I think my interest in anatomy and human physiology emerged right about when I began my work at the Mourad lab, and since then, my research has only deepened the passion I have for the body and how it works. Dr Michel Kliot, one of the collaborators on our research, allowed me to shadow him for a week during the summer, and seeing everything from brachial plexus surgery to brain surgery was nothing short of astounding. At the end of that summer, I knew I wanted a future in healthcare. Over the years I’ve found the research I’ve done to be a perfect match for my interests. Learning and understanding animal physiology is an essential part of my work, and it ties directly in with my passion for human medicine. Seeing and operating on actual nerve fibers and learning stitching techniques from Neurosurgery interns may seem mundane and even gross to some people, but for me, there is no other place I would want to work. I hope to continue my research project over the summer and publish a second paper on the sciatic model, but what is most appealing is starting up the clinic and human studies with our device. It will be amazing to see the full process of how just a simple idea can be transformed into a useful tool that will help real people, and it’s truly remarkable to think that the work and research I’ve done over the years will soon be put into a tangible and vital new tool for doctors and their patients.
References
Carragee EJ, Tanner CM, Kurana S, Hayward C, Walsh J, Date E, Truong T, Rossi M, Hagle C, The rates of false-positive lumbar discography in select patients without low back pain symptoms.
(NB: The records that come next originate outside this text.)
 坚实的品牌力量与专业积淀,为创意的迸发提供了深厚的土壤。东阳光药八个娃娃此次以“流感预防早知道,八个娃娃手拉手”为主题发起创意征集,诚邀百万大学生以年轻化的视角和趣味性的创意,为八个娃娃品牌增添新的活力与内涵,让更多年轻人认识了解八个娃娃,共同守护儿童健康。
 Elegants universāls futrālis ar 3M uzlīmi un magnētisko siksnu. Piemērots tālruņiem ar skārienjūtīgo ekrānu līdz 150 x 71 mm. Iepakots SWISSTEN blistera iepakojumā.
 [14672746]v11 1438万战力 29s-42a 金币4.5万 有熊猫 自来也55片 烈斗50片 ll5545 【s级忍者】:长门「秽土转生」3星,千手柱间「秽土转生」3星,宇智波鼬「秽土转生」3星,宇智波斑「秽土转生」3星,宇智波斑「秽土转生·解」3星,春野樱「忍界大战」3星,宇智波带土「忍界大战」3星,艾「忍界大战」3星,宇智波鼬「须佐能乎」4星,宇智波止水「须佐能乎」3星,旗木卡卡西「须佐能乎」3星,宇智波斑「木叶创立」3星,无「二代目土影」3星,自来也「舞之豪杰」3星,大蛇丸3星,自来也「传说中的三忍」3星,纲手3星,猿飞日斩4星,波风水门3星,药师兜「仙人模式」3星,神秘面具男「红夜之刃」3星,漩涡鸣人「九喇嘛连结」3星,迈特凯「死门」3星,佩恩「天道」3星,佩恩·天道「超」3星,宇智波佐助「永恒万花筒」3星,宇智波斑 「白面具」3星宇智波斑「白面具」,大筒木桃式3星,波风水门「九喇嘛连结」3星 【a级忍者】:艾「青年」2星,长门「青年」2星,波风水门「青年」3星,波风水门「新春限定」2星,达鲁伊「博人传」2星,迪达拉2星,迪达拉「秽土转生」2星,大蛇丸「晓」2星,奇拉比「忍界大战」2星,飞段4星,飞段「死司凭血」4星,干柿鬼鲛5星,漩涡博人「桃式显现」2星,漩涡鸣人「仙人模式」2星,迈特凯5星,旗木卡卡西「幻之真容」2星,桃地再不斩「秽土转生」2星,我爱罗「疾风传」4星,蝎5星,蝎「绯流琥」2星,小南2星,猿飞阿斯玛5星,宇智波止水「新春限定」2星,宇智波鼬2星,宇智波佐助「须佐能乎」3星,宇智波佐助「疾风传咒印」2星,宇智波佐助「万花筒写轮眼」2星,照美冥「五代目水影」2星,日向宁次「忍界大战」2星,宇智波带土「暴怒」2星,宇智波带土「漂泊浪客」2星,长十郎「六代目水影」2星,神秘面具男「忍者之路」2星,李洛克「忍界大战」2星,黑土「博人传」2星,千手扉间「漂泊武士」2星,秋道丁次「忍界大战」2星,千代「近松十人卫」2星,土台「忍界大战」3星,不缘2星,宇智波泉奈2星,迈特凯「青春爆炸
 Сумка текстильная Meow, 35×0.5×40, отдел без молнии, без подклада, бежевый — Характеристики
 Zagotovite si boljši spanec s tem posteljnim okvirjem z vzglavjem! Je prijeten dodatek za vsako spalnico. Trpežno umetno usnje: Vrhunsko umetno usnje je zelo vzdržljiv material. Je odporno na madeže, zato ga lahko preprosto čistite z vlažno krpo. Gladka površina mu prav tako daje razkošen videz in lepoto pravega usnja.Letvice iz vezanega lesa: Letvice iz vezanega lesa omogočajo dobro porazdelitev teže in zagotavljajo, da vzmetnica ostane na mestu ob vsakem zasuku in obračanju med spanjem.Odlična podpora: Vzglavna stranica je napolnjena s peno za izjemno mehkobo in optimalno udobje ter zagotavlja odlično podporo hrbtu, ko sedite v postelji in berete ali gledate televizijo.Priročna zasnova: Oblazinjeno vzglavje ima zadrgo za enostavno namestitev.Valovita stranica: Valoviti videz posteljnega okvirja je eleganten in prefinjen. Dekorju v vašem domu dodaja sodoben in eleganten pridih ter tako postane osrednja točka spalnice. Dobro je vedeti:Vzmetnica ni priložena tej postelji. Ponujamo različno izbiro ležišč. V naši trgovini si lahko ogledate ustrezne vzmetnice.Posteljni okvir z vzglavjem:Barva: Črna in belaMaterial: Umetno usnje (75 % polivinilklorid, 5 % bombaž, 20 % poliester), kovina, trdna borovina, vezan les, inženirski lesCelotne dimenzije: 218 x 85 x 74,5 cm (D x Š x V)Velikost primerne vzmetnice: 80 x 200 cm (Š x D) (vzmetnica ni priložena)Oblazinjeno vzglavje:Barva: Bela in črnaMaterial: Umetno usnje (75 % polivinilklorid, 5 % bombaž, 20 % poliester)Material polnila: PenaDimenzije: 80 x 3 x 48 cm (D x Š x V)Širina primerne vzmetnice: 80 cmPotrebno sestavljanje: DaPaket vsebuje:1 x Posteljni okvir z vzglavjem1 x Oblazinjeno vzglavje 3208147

Spine 2000;25:1375-1381.
Hargreaves K, Dubner R, Brown F, Flores C, Jorris J. A new and sensitive method for measuring the thermal nociception in cutaneous hyperalgesia. Pain 1988;32:77-88.
Jarvik JG, Deyo RA. Diagnostic evaluation of low back pain with emphasis on imaging. Ann Intern Med 2002;137:586-597.
Nagakura Y, Okada M, Khoara A, Kiso T, Toya T, Iwai A, Wanibuchi F, Yamaguchi T. Allodynia and Hyperalgesia in adjuvant-induced arthritic rats: time course of progression and efficiency of analgesics. J Pharmacol Exp Ther 2003;306:490-497.